Proposition: Let $\mu$ be a borel measure such that $\mu(\Bbb{R^d})<+\infty$ Then $\mu$ is regular, i.e $\mu(A)=\inf\{\mu(G)|G \supset A, \text{ G open}\}=\sup\{\mu(K)|K \subseteq A, \text{ K compact}\}$
Using this ,i have to prove that if a Borel measure on $\Bbb{R^d}$ has the property that $\mu(K)< +\infty$ for every compact subset $K$ then ti is regular.
In my attempt i put $\mu_n(A)=\mu(A \cap B(0,n))$ where $B(0,n)$ is the closed ball with radious $n$.
$\mu_n$ satisfies the above proposition and also $\sup_n \mu_n= \mu$.
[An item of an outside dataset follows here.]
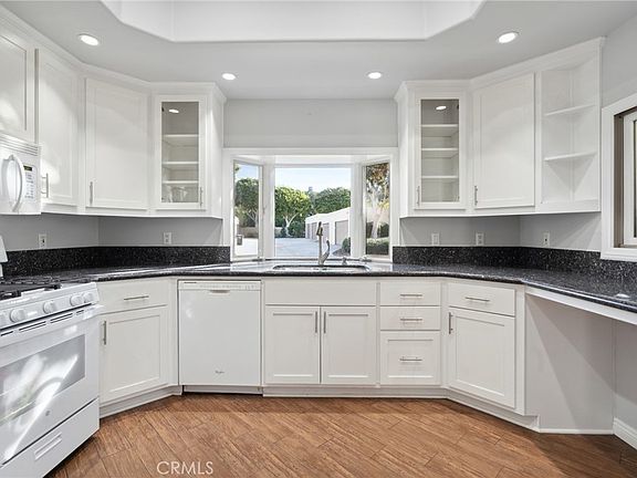 Located directly on a beautiful greenbelt this expanded single story 3 bedroom, 2 bath, 1,342 square feet, home is a must see end unit with only 1 common wall. Featuring a wood burning fireplace in the great room. The home has been freshly painted and has ceramic wood flooring in the main living spaces, a tankless water heater, ceiling fans and skylights. The kitchen has granite countertops, new fixtures and cabinet doors, coffered ceiling, bay window, extensive prep and storage space. The primary suite has a bay window, large closets, ceiling fan and walk in shower. The large patio on the greenbelt is a highlight of the home, with glass enclosure provides nice privacy and is pet friendly. The 2 car garage is directly connected for easy access. Low HOA fees includes 2 pools, spa and BBQ. Close proximity to schools, shopping, beaches and John Wayne airport.

So i managed to prove the one equality.
To prove the second i was given the hint to put $\mu_n(A)=\mu(A \cap Q_n)$ where $Q_n$ is a dyadic cube, and $\Bbb{R^d}=\bigcup_{n=1}^{\infty}Q_n$
Also $\mu=\sum_n \mu_n$.
Now how can i use this technique to prove the second equality which involves the infimum?
Can someone help me with this?
Thank you in advance.
Hint: Show that there exist $0<r_1< r_2 < \dots \to \infty$ such that $\mu(\{x:|x|= r_k\}) = 0.$ Then consider the open sets $B(0,r_1), \{ r_1< |x| < r_2\}, \{ r_2< |x| < r_3\}, \dots.$